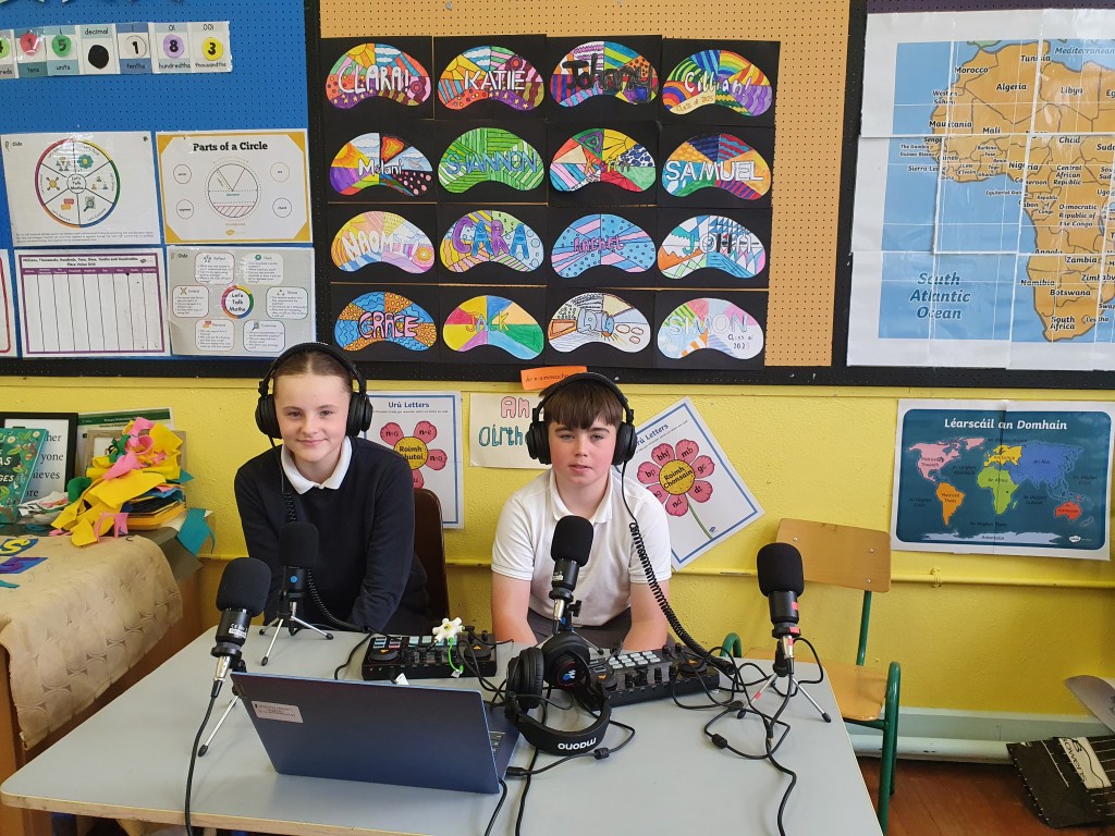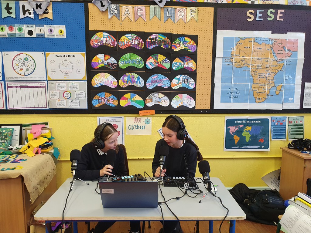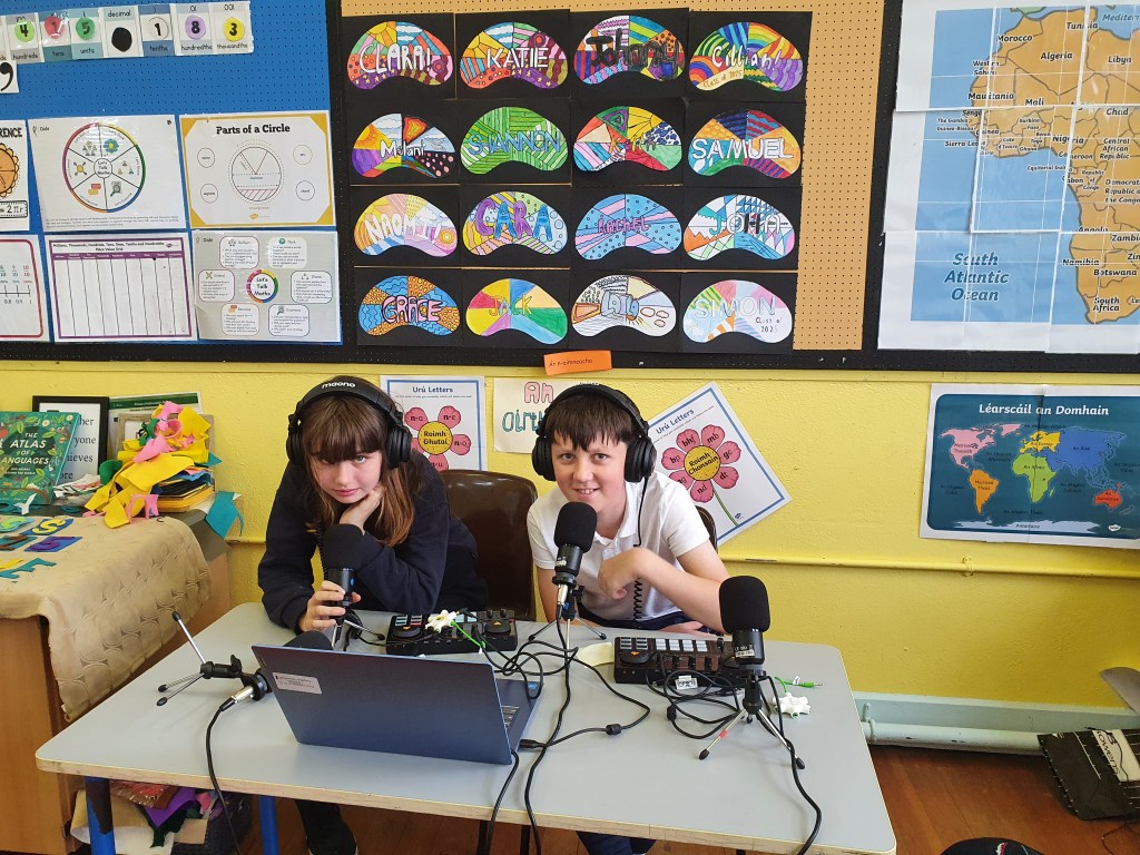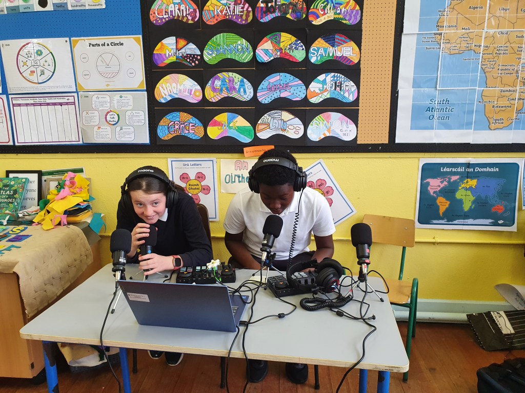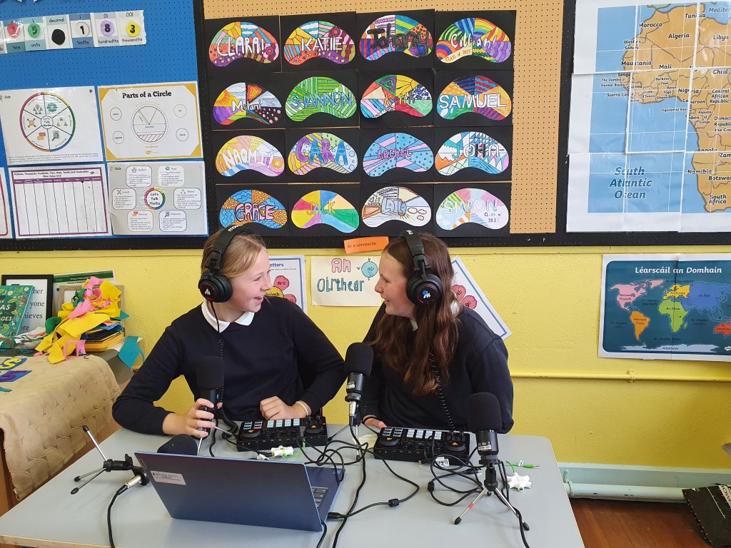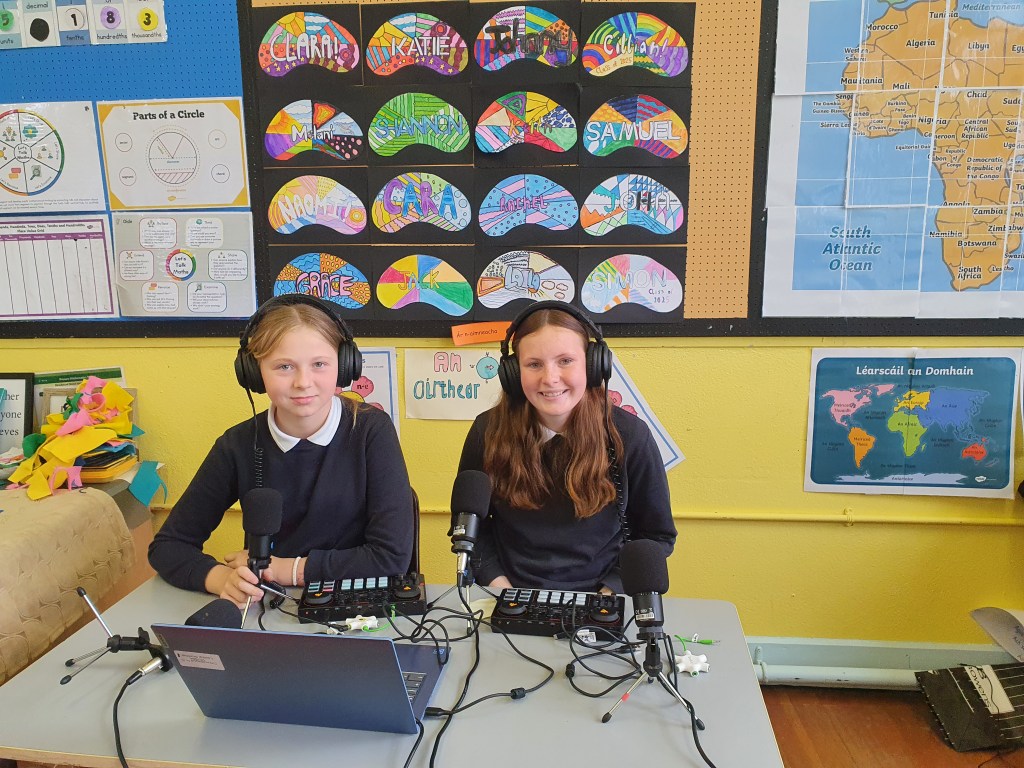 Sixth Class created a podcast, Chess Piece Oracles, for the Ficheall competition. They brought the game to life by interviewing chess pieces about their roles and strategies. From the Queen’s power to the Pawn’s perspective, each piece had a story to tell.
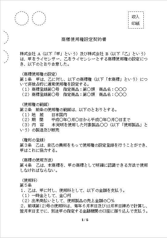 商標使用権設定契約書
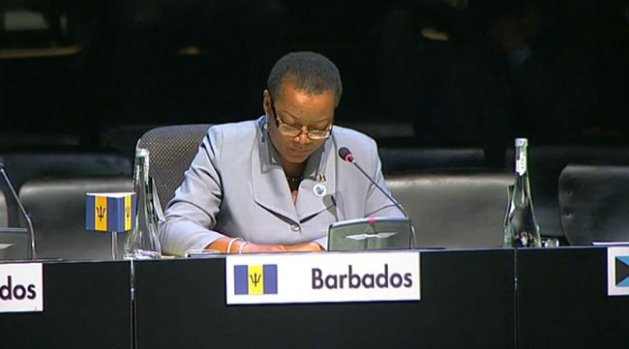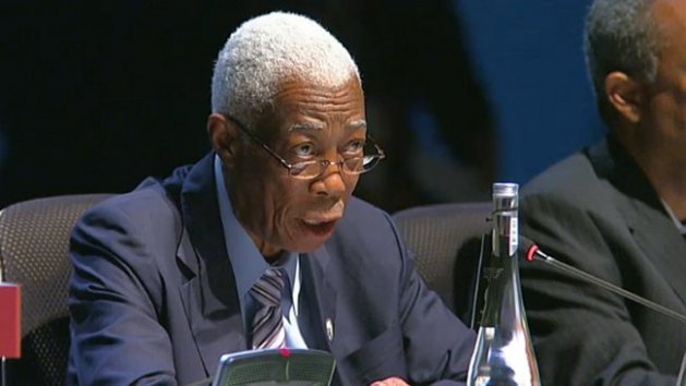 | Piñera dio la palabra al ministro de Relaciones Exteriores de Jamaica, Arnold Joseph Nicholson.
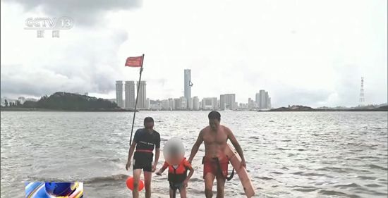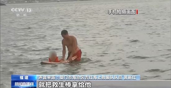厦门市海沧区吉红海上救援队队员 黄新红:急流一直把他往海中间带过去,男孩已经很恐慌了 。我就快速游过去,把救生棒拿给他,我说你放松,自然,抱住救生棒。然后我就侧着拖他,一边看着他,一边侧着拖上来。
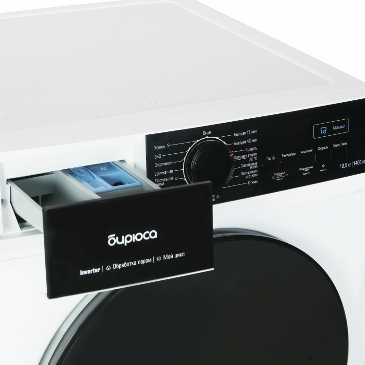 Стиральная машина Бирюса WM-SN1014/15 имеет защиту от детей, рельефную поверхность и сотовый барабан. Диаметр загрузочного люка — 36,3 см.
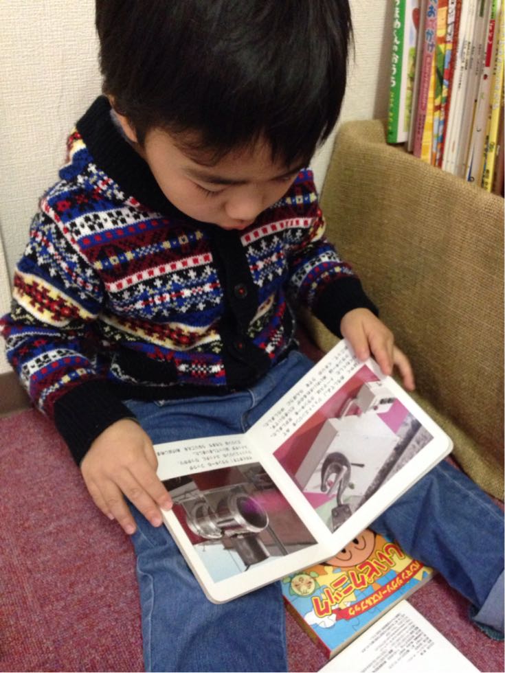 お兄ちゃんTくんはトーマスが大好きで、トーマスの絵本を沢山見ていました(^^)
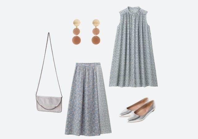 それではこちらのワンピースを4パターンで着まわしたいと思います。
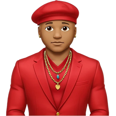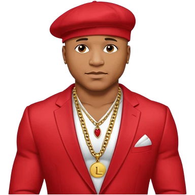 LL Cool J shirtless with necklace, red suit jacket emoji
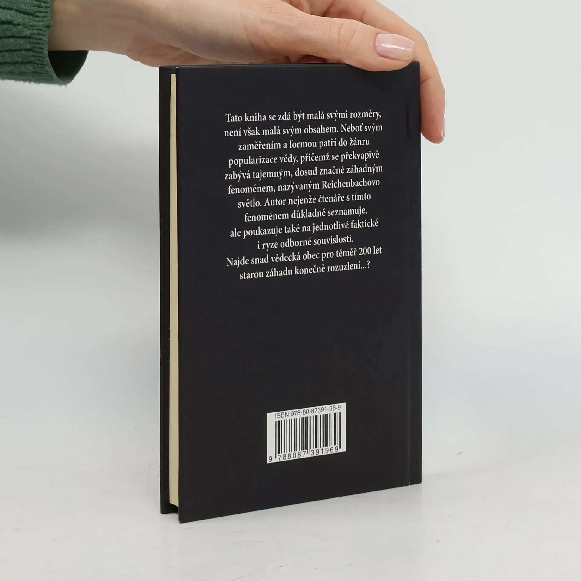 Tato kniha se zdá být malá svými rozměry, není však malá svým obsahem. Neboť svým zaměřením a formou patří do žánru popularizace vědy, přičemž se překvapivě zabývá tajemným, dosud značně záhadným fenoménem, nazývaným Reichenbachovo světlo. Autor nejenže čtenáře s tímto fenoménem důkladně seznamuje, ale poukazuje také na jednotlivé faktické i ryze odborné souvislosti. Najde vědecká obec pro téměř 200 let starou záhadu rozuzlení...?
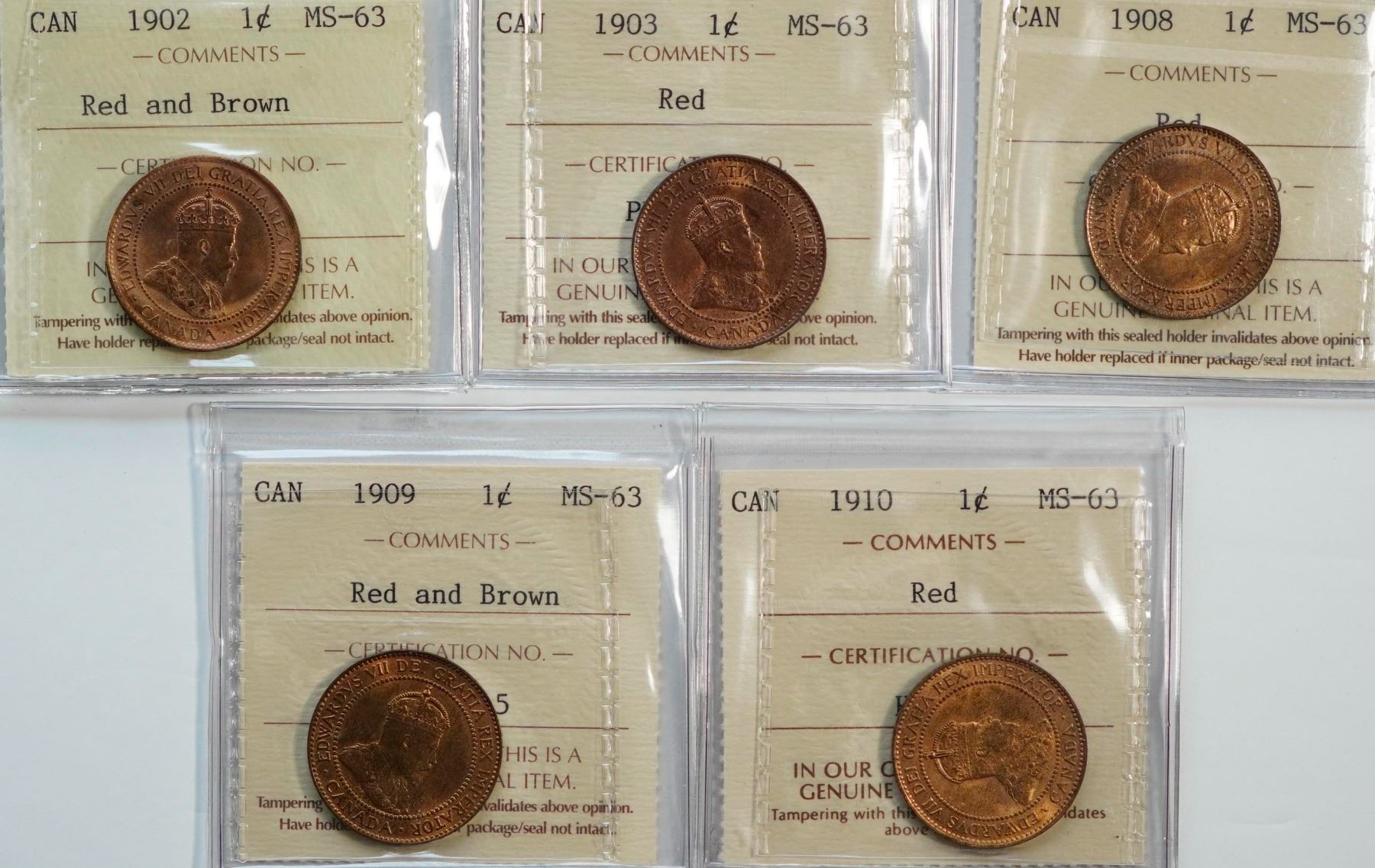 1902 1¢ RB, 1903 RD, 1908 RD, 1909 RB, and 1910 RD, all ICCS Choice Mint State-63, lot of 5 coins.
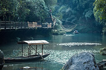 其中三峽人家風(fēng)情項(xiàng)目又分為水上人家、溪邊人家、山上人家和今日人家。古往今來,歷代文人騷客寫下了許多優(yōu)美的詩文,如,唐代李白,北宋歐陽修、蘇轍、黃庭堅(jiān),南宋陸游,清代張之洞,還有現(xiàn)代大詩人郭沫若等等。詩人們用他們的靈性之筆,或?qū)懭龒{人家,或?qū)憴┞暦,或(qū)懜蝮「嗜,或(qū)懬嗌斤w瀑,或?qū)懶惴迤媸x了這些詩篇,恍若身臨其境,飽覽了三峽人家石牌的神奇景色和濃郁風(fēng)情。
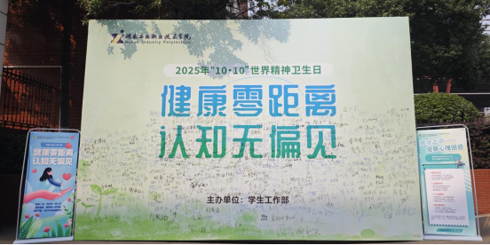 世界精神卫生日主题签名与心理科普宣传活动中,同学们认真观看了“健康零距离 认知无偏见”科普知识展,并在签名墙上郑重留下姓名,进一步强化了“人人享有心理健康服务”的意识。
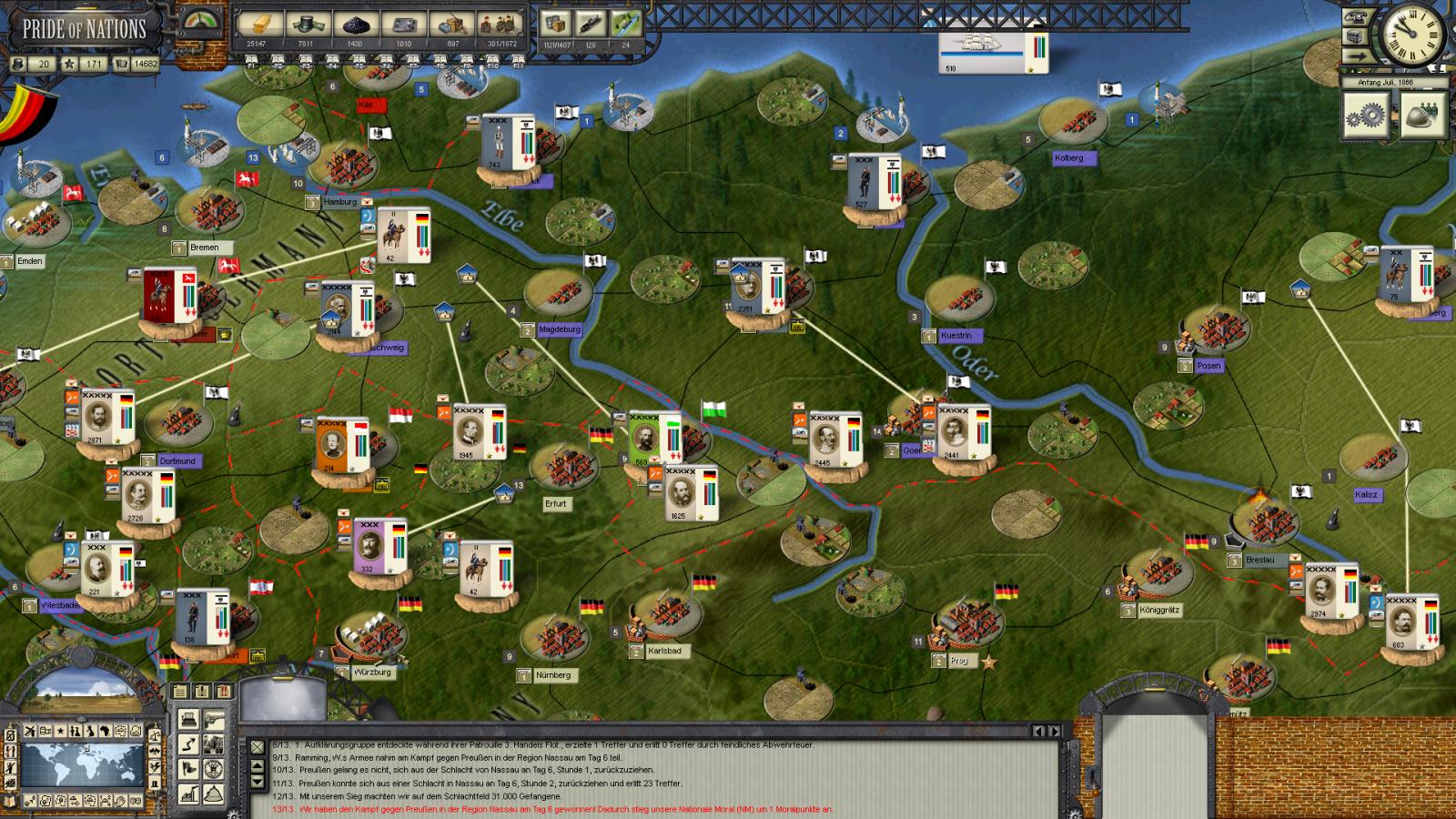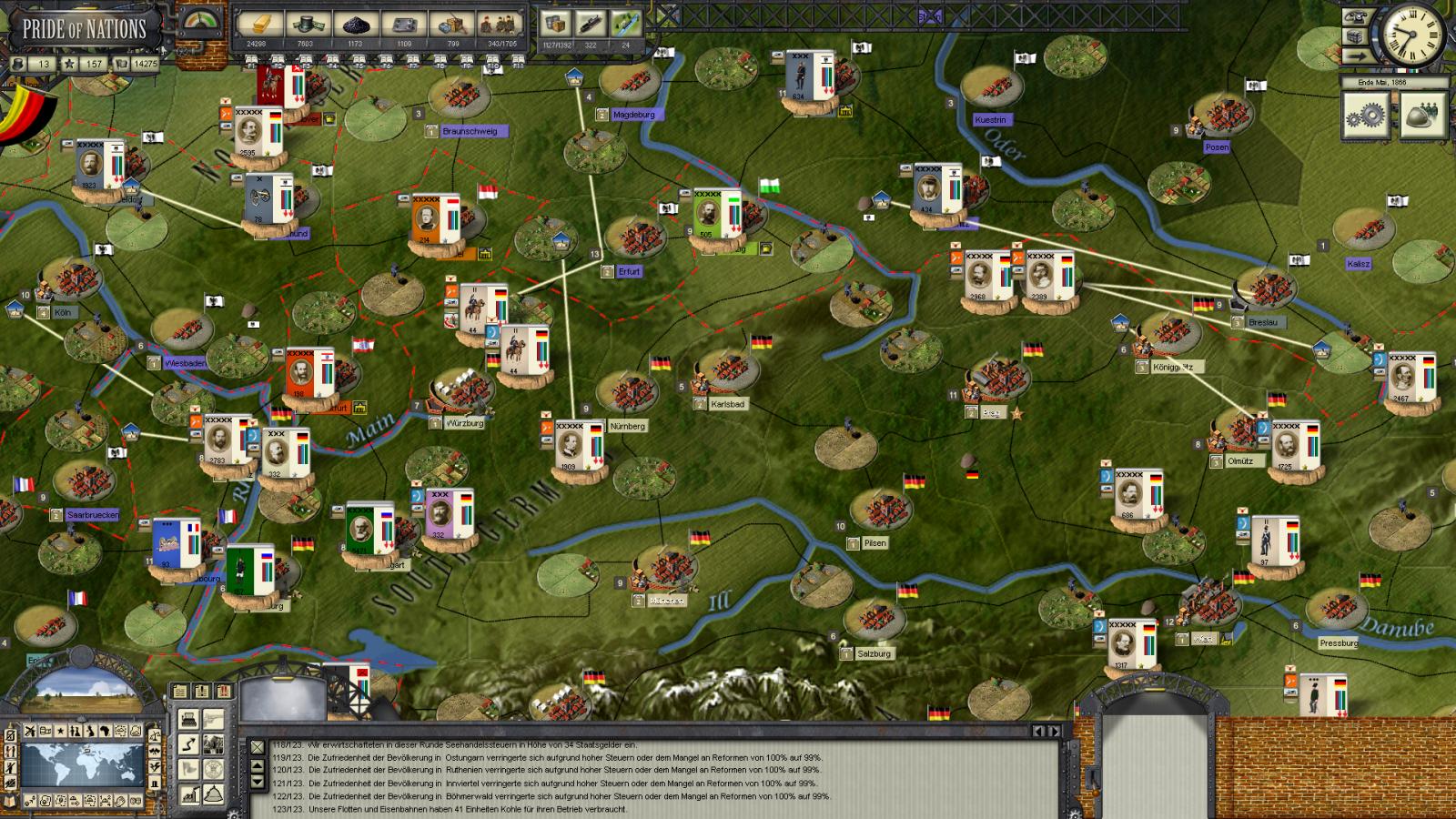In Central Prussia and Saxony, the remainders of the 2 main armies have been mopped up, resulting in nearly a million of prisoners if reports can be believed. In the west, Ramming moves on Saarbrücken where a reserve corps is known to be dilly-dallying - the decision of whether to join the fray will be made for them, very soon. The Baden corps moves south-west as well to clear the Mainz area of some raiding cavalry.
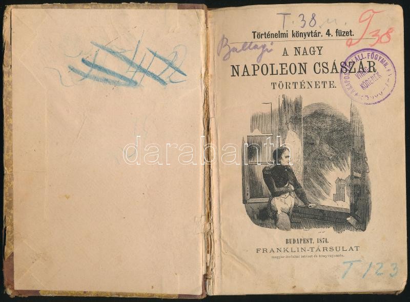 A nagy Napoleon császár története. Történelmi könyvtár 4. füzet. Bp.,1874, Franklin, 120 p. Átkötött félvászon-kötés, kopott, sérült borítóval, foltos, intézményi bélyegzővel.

**Work to be completed**: Each line from the one containing "In Central Prussia" through the last line of the listing is to be given again exactly, with no pictures and no other lines.

**Output for this exercise**:
In Central Prussia and Saxony, the remainders of the 2 main armies have been mopped up, resulting in nearly a million of prisoners if reports can be believed. In the west, Ramming moves on Saarbrücken where a reserve corps is known to be dilly-dallying - the decision of whether to join the fray will be made for them, very soon. The Baden corps moves south-west as well to clear the Mainz area of some raiding cavalry.
 A nagy Napoleon császár története. Történelmi könyvtár 4. füzet. Bp.,1874, Franklin, 120 p. Átkötött félvászon-kötés, kopott, sérült borítóval, foltos, intézményi bélyegzővel.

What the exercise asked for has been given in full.